▶ _WHAT NEEDS TO BE DONE_: Your answer should hold exactly the lines below from the line with "Arrêt technique, puis" through the line with "This is a JoJo", both included, and no pictures at all.

▶ _GIVEN RECORDS_:
----------------------------------------
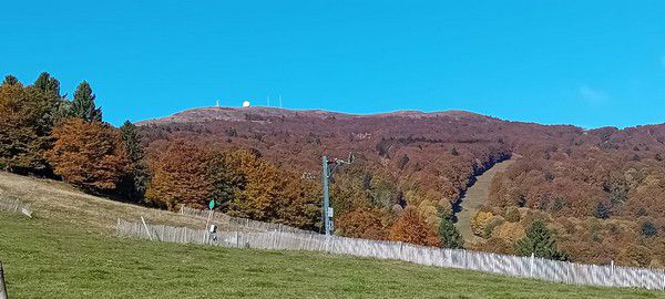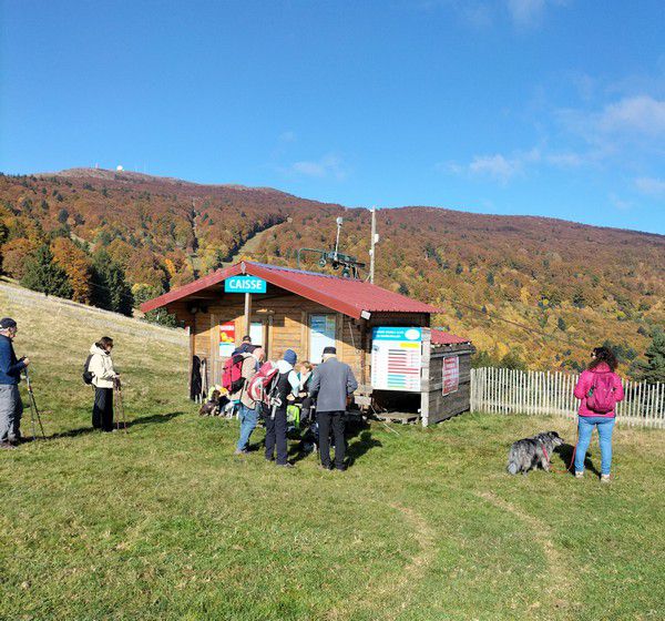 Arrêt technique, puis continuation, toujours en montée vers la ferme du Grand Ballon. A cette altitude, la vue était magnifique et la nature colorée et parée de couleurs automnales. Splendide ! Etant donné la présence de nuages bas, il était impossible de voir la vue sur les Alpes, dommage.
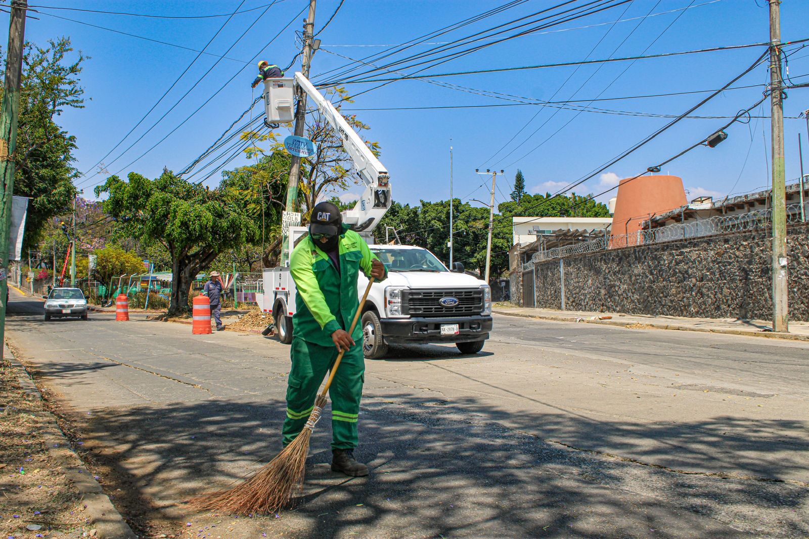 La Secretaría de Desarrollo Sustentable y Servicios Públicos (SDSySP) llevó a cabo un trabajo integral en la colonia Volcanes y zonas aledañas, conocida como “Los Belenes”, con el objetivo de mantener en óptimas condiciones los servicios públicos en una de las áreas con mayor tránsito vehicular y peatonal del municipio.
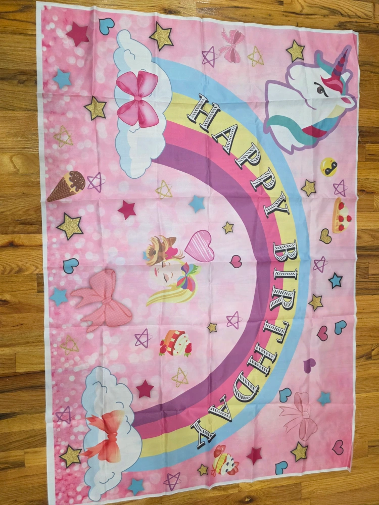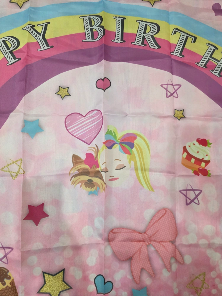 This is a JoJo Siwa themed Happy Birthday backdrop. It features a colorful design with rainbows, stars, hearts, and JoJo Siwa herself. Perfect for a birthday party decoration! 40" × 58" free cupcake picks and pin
----------------------------------------
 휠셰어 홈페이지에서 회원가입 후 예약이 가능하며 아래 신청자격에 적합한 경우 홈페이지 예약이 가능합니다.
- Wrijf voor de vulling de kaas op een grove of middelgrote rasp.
----------------------------------------
▶ _ANSWER AREA_:
 Arrêt technique, puis continuation, toujours en montée vers la ferme du Grand Ballon. A cette altitude, la vue était magnifique et la nature colorée et parée de couleurs automnales. Splendide ! Etant donné la présence de nuages bas, il était impossible de voir la vue sur les Alpes, dommage.
 La Secretaría de Desarrollo Sustentable y Servicios Públicos (SDSySP) llevó a cabo un trabajo integral en la colonia Volcanes y zonas aledañas, conocida como “Los Belenes”, con el objetivo de mantener en óptimas condiciones los servicios públicos en una de las áreas con mayor tránsito vehicular y peatonal del municipio.
 This is a JoJo Siwa themed Happy Birthday backdrop. It features a colorful design with rainbows, stars, hearts, and JoJo Siwa herself. Perfect for a birthday party decoration! 40" × 58" free cupcake picks and pin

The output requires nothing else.